Ⅵ Convolution parameter sharing
Convolution parameter sharing means: if a color image with three color channels, the three channels are all convolved with the same convolution kernel parameter.
If 10 convolution kernel filters of 5 5 3 are used for convolution, 5*5*3=75,每个卷积核需要75个参数
, 75*10=750,共10个filter
, 750+10=760,每个filter都有一个偏置项bias
, 760 weight parameters are finally required. Compared with the full connection, the weight is much less.
3. Pooling layer
The pooling layer is also called downsampling and compression.
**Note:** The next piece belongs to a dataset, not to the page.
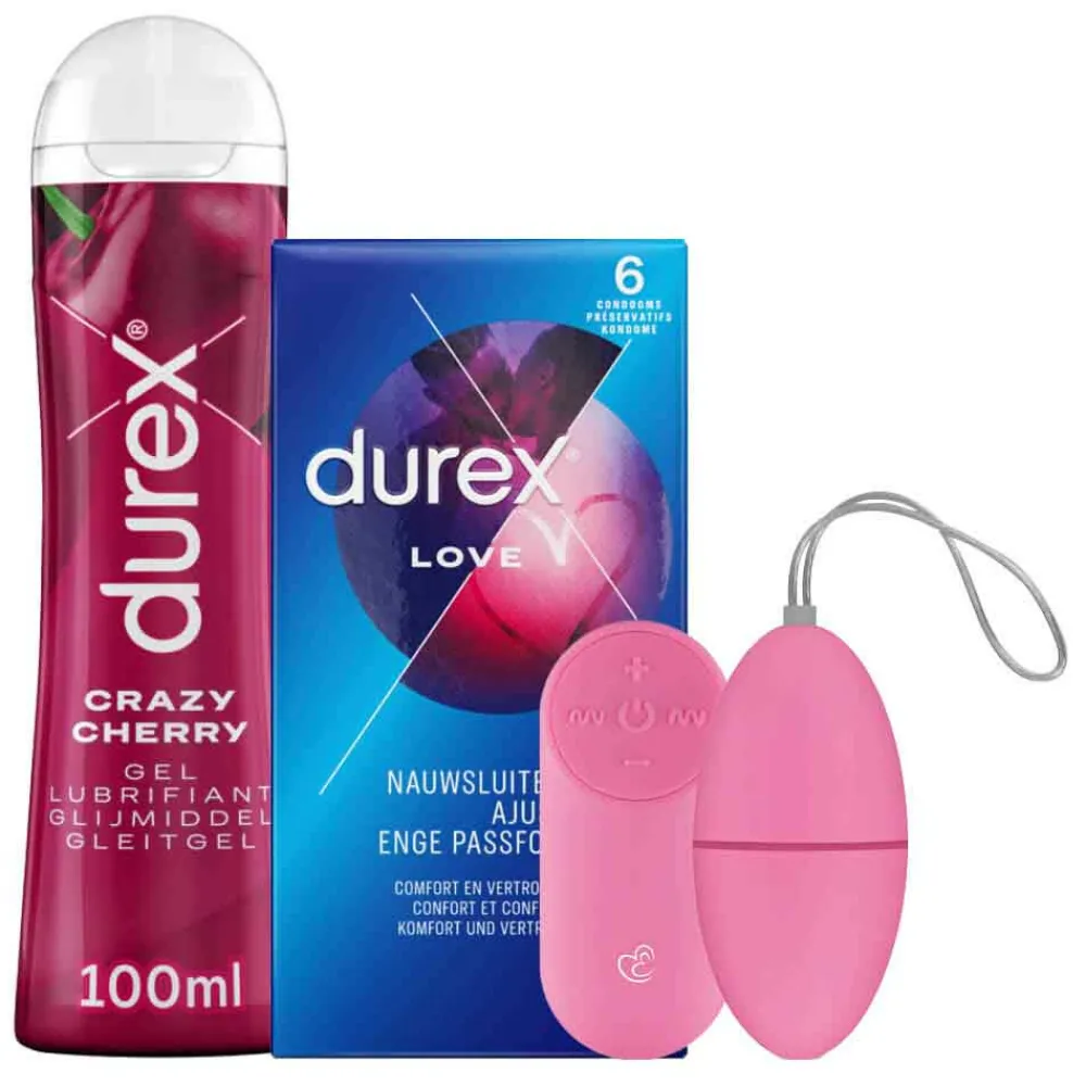 Met dit spannende Valentijn pakket kun jij je geliefde verrassen in de slaapkamer. Het pakket bevat één pakje Durex Love Condooms, één Durex Play Glijmiddel met de smaak Crazy Cherry én een Vibrerend Ei van Easytoys. De condooms zijn standaard Durex condooms en bevatten glijmiddel.
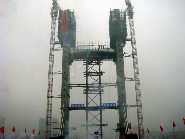 作為整座大橋的控制性工程,主索塔施工一直是各方關注的焦點,并成為影響我項目總體施工進度的主要因素。為此,項目部領導班子經(jīng)過多次研究分析并大膽決策,決定改變以前多點開花,齊頭并進的工作方向,將工作重心向主索塔偏移,從人員到設備優(yōu)先滿足主索塔的施工需要。針對施工過程中遇到的技術難題,項目部及時邀請有關專家及公司領導到施工現(xiàn)場指導,制定解決方案。在積極趕超進度的同時,項目部將安全和質量擺放在首要位置。在施工過程中,項目部不僅建立了完善的安全、質量保障體系,更積極增加投入,全方位確保主索塔施工質量,并使主索塔施工速度得到穩(wěn)步提升。

Its main purpose is to reduce the characteristic parameters without any operation.
Mainly include: maximum pooling, average pooling and other pooling operations, among which maximum pooling is the most commonly used and the effect is the best
4. Fully connected layer
After convolution (the depth of the feature map is increased) and pooling (reducing the feature parameters), a three-dimensional feature map is obtained. At this time, the feature map needs to be stretched into a row of vectors, and finally connected to the FC fully connected layer according to The actual situation is output.
Example:最终归为5分类任务,即最后得到5个结果的概率值
5. Receptive field
Two convolutions are used here 3*3
, and the sliding window step size is 1, and its receptive field is 5*5
; if 3 3*3
convolution kernels are used, its receptive field is 7*7
, that is, rolled again; this 7*7
receptive field is the same as using 7*7
one The results obtained by the convolution kernel are the same. Why do many papers still use 3*3
the convolution kernel?
很明显,堆叠小的卷积核所需的参数更少一些,并且卷积过程越多,特征提取也会越细致,加入的非线性变换也随着增多,还不会增大权重参数个数,这就是VGG网络的基本出发点,用小的卷积核来完成体特征提取操作。